■ Available data
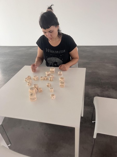 Mascha Kaléko, “The Contribution of Women in Culture” installation with table and chairs / playable.
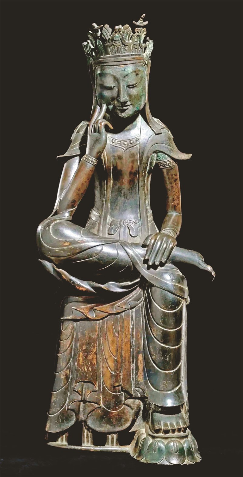 「半跏思惟像」的起源可追溯至西元二至三世紀的印度西北犍陀羅地區,在中土則大盛於南北朝時期,成為中國佛教藝術中極具象徵意涵的重要造型,而思惟造像主角多為悉達多太子或彌勒菩薩,顯現佛菩薩在禪定中思索宇宙真理、眾生苦難。半跏思惟由兩個核心元素組成,一是「思惟相」,一手托腮、一手扶膝,頭微側,神情凝思,表現深入禪觀、觀照諸法無常之態;二是「半跏坐」,一足自然垂下,另一足曲盤於膝上,體現輕鬆、灑脫、不拘俗禮的坐姿。
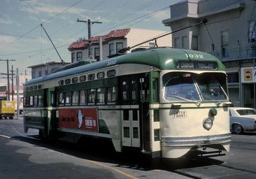 Keywords: san francisco sanfrancisco vehicle outdoor car road MUNI PCC 1032, a J CHURCH EAST BAY TERMINAL on Church St. waiting to wye and go downtown, San Francisco, CA on August 25, 1967. MUNI PCC 1032, a J CHURCH EAST BAY TERMINAL on Church St. waiting to wye and go downtown, San Francisco, CA on August 25, 1967. |
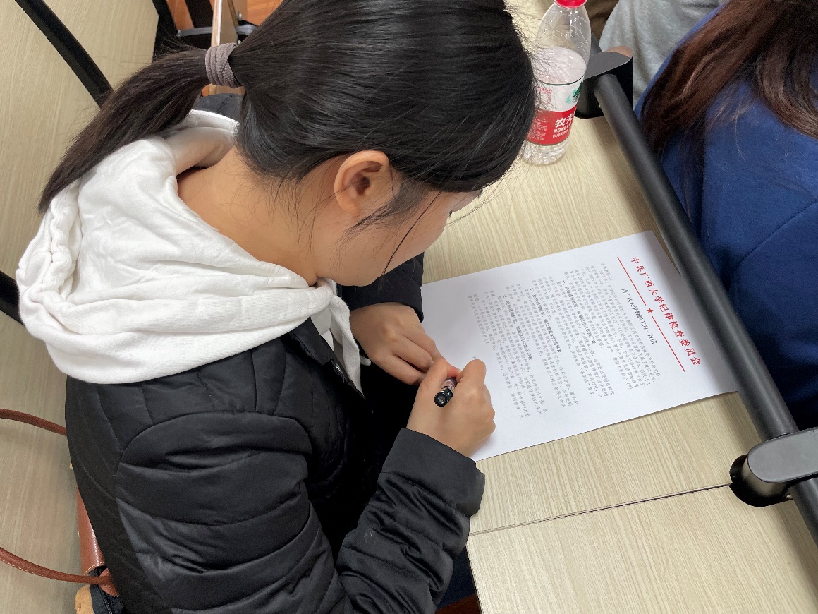 随后,太阳集团tyc138纪委书记袁荣卿组织开展了党员干部酒驾醉驾警示教育,会上全体教职员工观看党员酒驾醉驾警示教育片,处纪委书记袁荣卿还组织大家学习校纪委给太阳集团tyc138教职工的一封信,提醒全体教职员工拒绝酒驾醉驾,大家学习完后在信上签上名字,承诺“拒绝酒驾醉驾,做遵纪守法的践行者,做交通安全的倡导者,做廉洁风尚的示范者”。
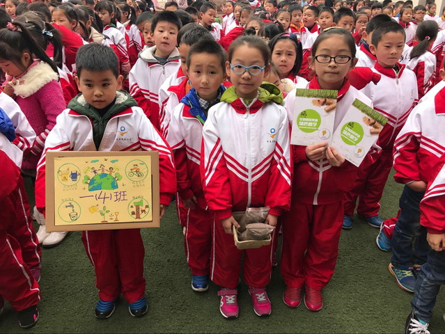 这次的“绿色助学计划”我校与社会公益组织联合。活动中,当徐校长结束亲切而热烈的启动仪式致辞后,苇叶公益服务中心负责人上台介绍了相关环保项目并对孩子们提出几点希望,赠送给孩子们泡泡希望种子和环保花盆。孩子们手捧小小的种子,小心翼翼的护在胸前,认真守护着自己的希望种子,他们要在阳春三月里种下这绿色的希望,用耐心与爱心收获成长的小芽。为鼓励孩子们人人争做环保小卫士,老师们在活动之前就做了精心的准备,在班级里播放“绿色助学计划”公益视频,让孩子们了解废纸收集再利用的知识,并进行废纸收集大行动。瞧,每个班级队伍的前面摆着一只只色彩斑斓的大纸箱,那是孩子们用画笔描绘的美丽纸箱,整整齐齐的摞着孩子们收集来的废旧纸张,里面已经被塞得满满当当。我们的老师、党团员志愿者都积极的投身到这项环保公益活动中来,每个办公室也都收集了废纸,言传身教,孩子们看在眼里,参与的积极性更高了。很多同学还发动全家一同参与,一早就从家里带来各种废纸,热情十足,大伙都兴高采烈的等着环保车来回收它们,让原本无用的废纸摇身一变,可以再次使用呢!为感谢孩子们积极的热情参与,学校与苇叶公益还为同学们准备了精致的环保文具作为小礼物,孩子们都很高兴参加绿色梦想计划,希望将来会有更多的贫困地区的孩子用上优质的环保文具,而这些文具,都是我们收集废纸,节约资源,保护环境,而形成的。看到孩子们张张灿烂的笑脸,连阴郁的天空也变得明亮起来。
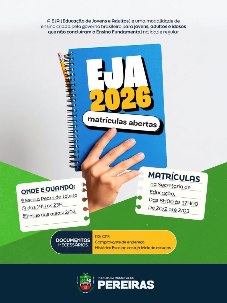 A Prefeitura de Pereiras informa que estão abertas as matrículas para a Educação de Jovens e Adultos (EJA) 2026. A modalidade é destinada a pessoas que desejam retomar os estudos e concluir o Ensino Fundamental.
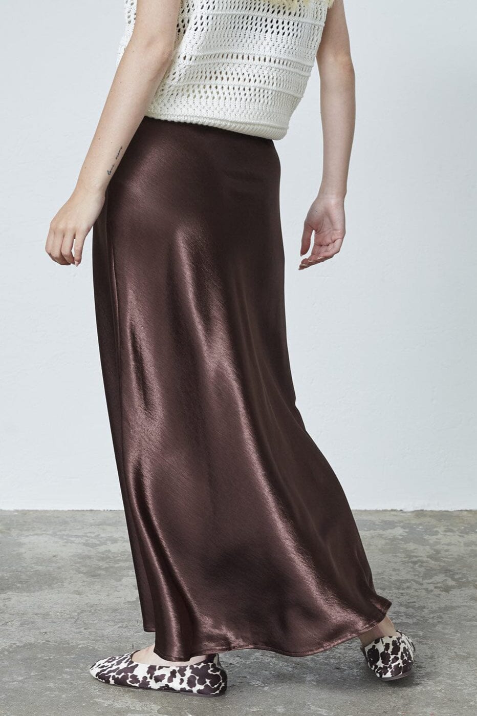 Brun skjørt fra Sisters Point i skinnende satengmateriale. A-line fasongen og det glatte stoffet gir skjørtet et mykt fall. Lengden går til leggen.
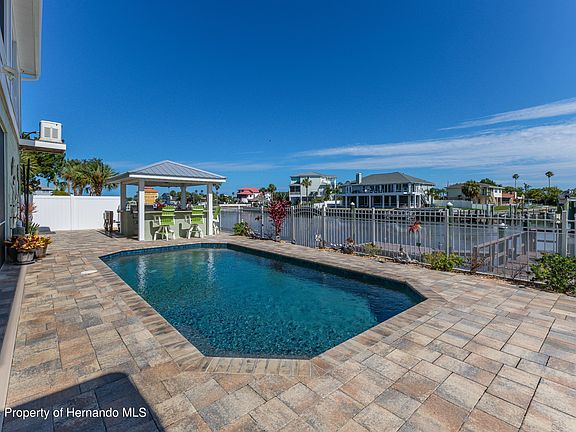 WATERFRONT COASTAL 2019 POOL HOME ! Just STUNNING. Nautically Nice with Boating Minutes to the Open GULF that you can see from your Floating Dock or 7k BOAT LIFT with Deck. Deep Salt Water Cheek's Creek Canal with Inlet on the Side for a Bit more room between neighbors. After a Day of Playing at Hernando Beach Flats or Going Scalloping or Fishing for Snook or Red's; Come Back for a Refreshing Swim in Your Salt Water Pool.. Friends & Family will certainly enjoy the SUMMER KITCHEN for their Beverage of choice or Some Barbecue. Need some shade? Downstairs also has a screened covered porch. For those cooler mornings when the season changes, get in your morning laps as the POOL is HEATED. This is Florida Living at its best. Three ways to get into the Home... Front Door, Stairs from Garage & ELEVATOR... You will love having an elevator for groceries, larger purchases & just when you do not feel like using the stairs. Now to tell you about your New Home.. 2019 Impact Windows & Doors, Spray Foam Insulation (called icing), Tankless Propane Water Heater, Metal Roof, Pavers Front Backs and on the Sides, Propane Generator.. Walk Through the Front Screened Porch into the Home for an Open Floor Plan. Living Room has Sliding Glass Doors that look out to the Upper Verandah with Views of the Water (it T's here) 9x36 Porcelain Tile through out the whole home. Ship Lap Walls.. one side looks antique. Vaulted Ceilings with Beam. You will Love the Coastal Kitchen: Soft Close Wood Shaker White Cabinets & Drawers with Built in Pantry, Granite Counters, Grey Subway Back Splash Tile, Kitchen/Island with Pendant Lighting, Stainless Steel Under Mount Sink, and the ''Big Chill'' Beach Blue Appliances: Refrigerator, Gas Oven/Range with Convection Fan, Range Hood & Dishwasher. Of Course, the elevator comes up right here for your groceries. Master Bedroom Suite is Split from other bedrooms for privacy. French Doors out to the Verandah, Crown Molding, Barn Door to Master Bathroom. Soft Close 3 Ft in Height Cabinet with Dual Sinks & Granite Counters, Walk in Shower with Shower Niche, Rain Shower Head and additional Hand Held. Walk in Closet with Organizer. Bedroom 2 and 3 have Organizers for their closets. Guest Bathroom also with Soft Close Cabinets & Granite Counters with a Tub/Shower Combo. Not only is there 3 Bedrooms but an Office with a Port Hole Window and Access to the Verandah as well. The Garage.. 1840 sf Downstairs !! Parking plus Workshop and Storage. Come... Love Where You Live and Play !! Hernando Beach is a Coastal Community that offers Restaurants, Marinas, Gift Shops, Lake Preserve with Walking & Biking Trails. The Famous Weeki Wachee River is just North of us too and is accessible via Boat or Drive. Come See !! VIDEO Coming Soon..

■ Task details
Look above for the line holding "A Prefeitura de" and output everything from it down to the line holding "Brun skjørt fra", both ends included, exactly and without images.

■ Reply
 A Prefeitura de Pereiras informa que estão abertas as matrículas para a Educação de Jovens e Adultos (EJA) 2026. A modalidade é destinada a pessoas que desejam retomar os estudos e concluir o Ensino Fundamental.
 Brun skjørt fra Sisters Point i skinnende satengmateriale. A-line fasongen og det glatte stoffet gir skjørtet et mykt fall. Lengden går til leggen.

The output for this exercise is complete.